Description of the task: With the pictures omitted, please transcribe exactly the lines beginning at the one that contains "1. Bill steps" and ending with the last line of the records below.

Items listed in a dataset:
Content starts

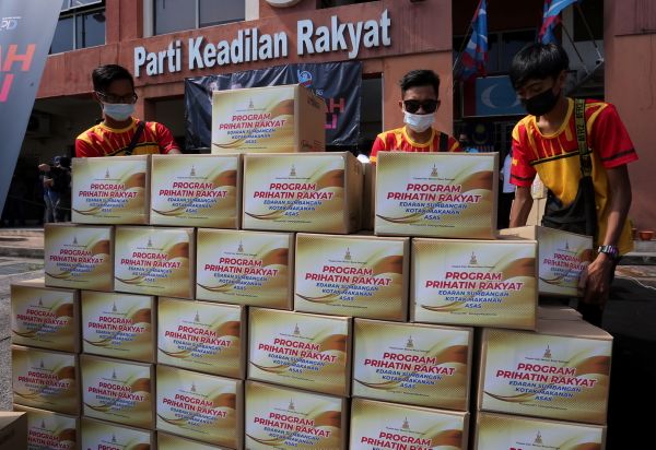 Tiga pemuda dari Anak Muda Ulu Klang (Amuk) menyusun kotak makanan asas dalam majlis pelepasan Jelajah Peduli Nadi Rakyat di Ibu Pejabat Parti KEADILAN, Petaling Jaya pada 17 September 2021. Foto AHMAD ZAKKI JILAN/SELANGORKINI
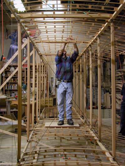 1. Bill steps into the center section to make some adjustments. |
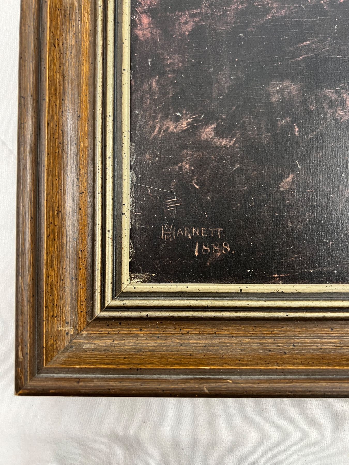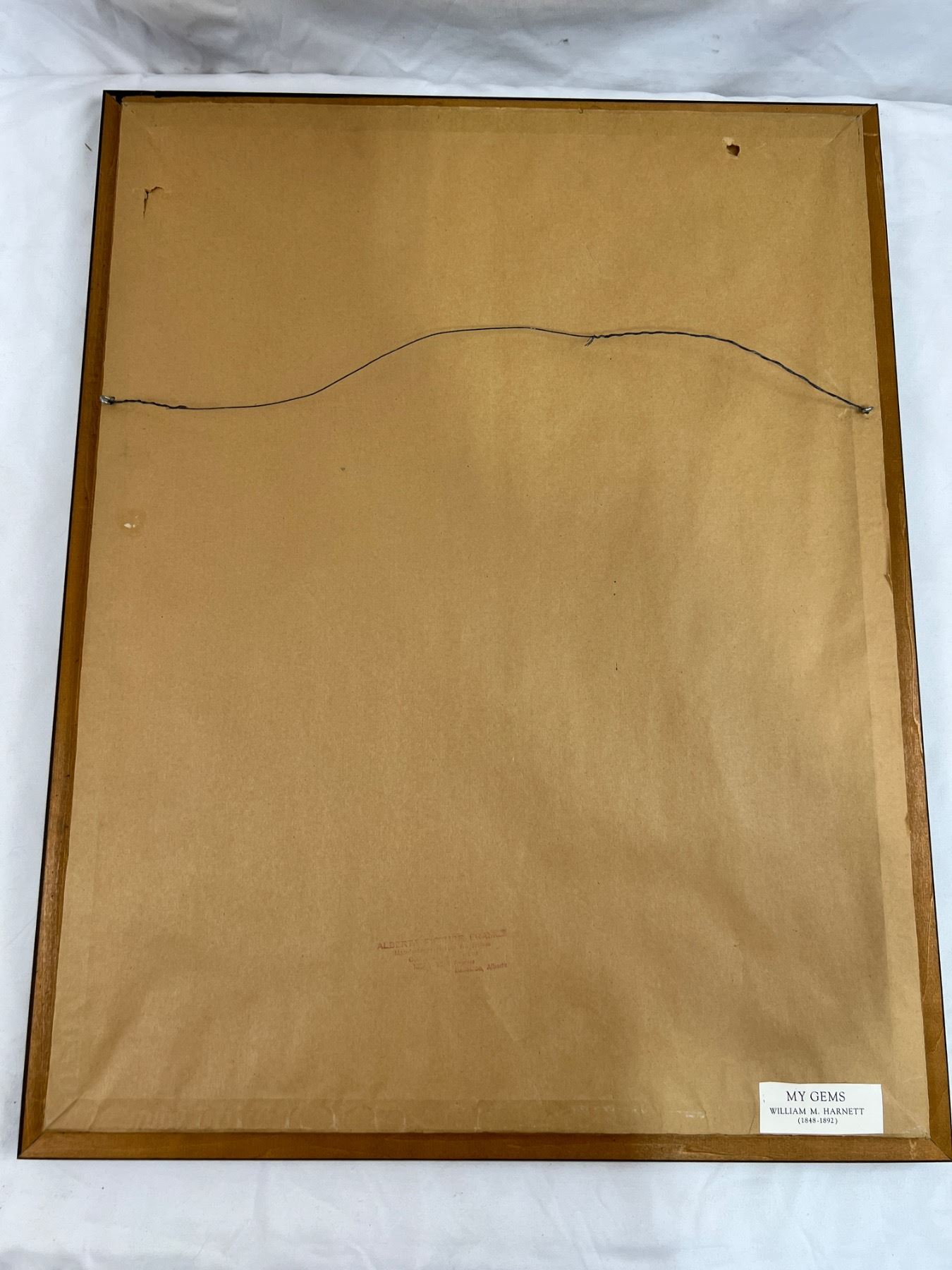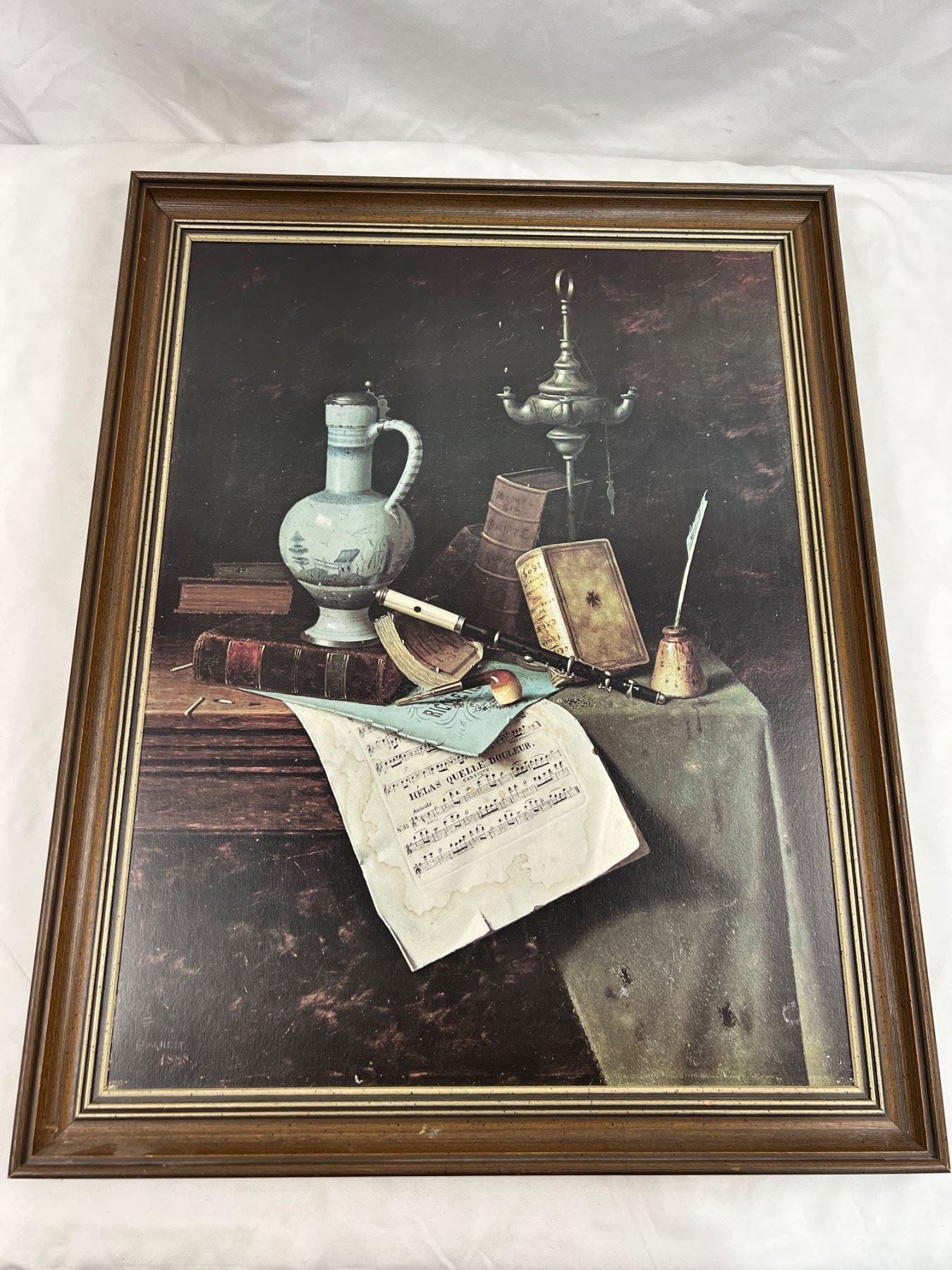 Original artist is William M. Harnett. Feels like it has been printed onto MDF. Approximately 26" by 20" . Scuffs to wood frame. Some damage to paper on rear.
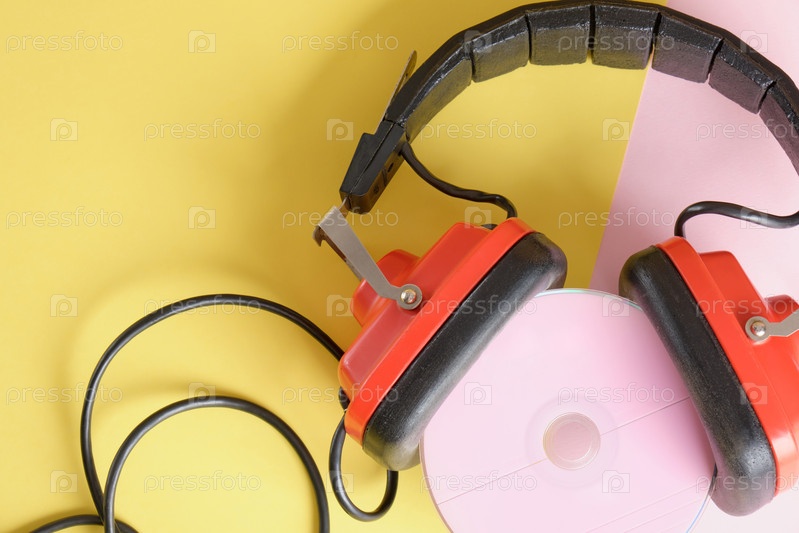 Старые наушники и розовый компакт-диск на желтом фоне
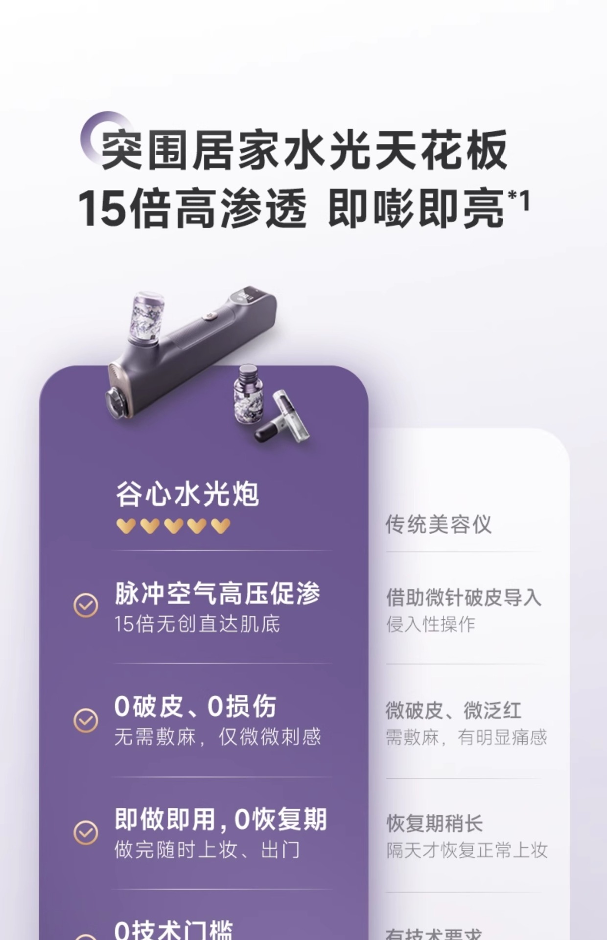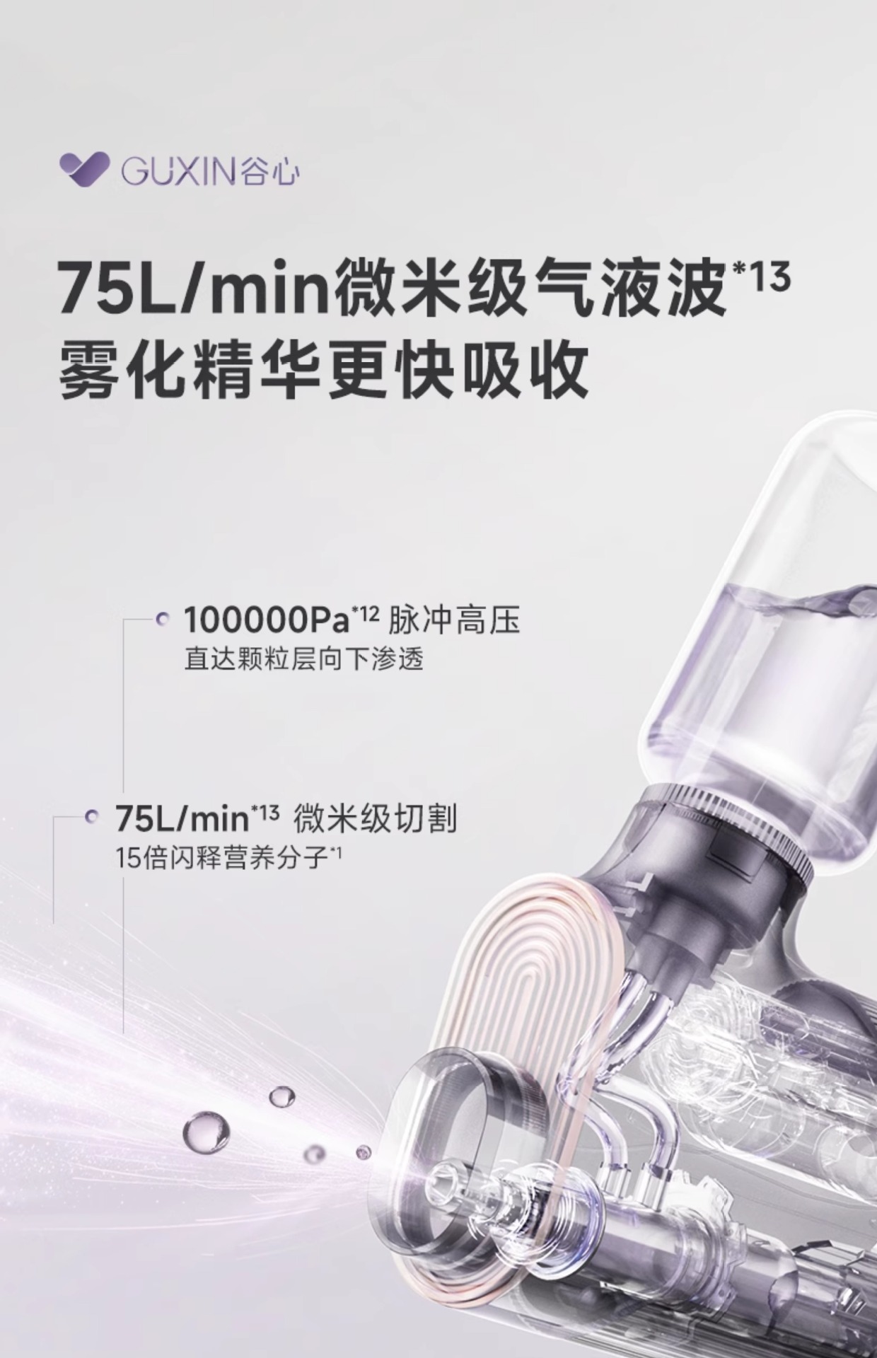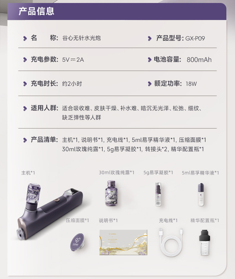 Прибор для красоты Guxin Эссенция Водяной свет Глубокое увлажнение Высокое давление кислорода Инъекционный инструмент Сверхпроводящий пистолет

Content ends

Result:
 1. Bill steps into the center section to make some adjustments. |
 Original artist is William M. Harnett. Feels like it has been printed onto MDF. Approximately 26" by 20" . Scuffs to wood frame. Some damage to paper on rear.
 Старые наушники и розовый компакт-диск на желтом фоне
 Прибор для красоты Guxin Эссенция Водяной свет Глубокое увлажнение Высокое давление кислорода Инъекционный инструмент Сверхпроводящий пистолет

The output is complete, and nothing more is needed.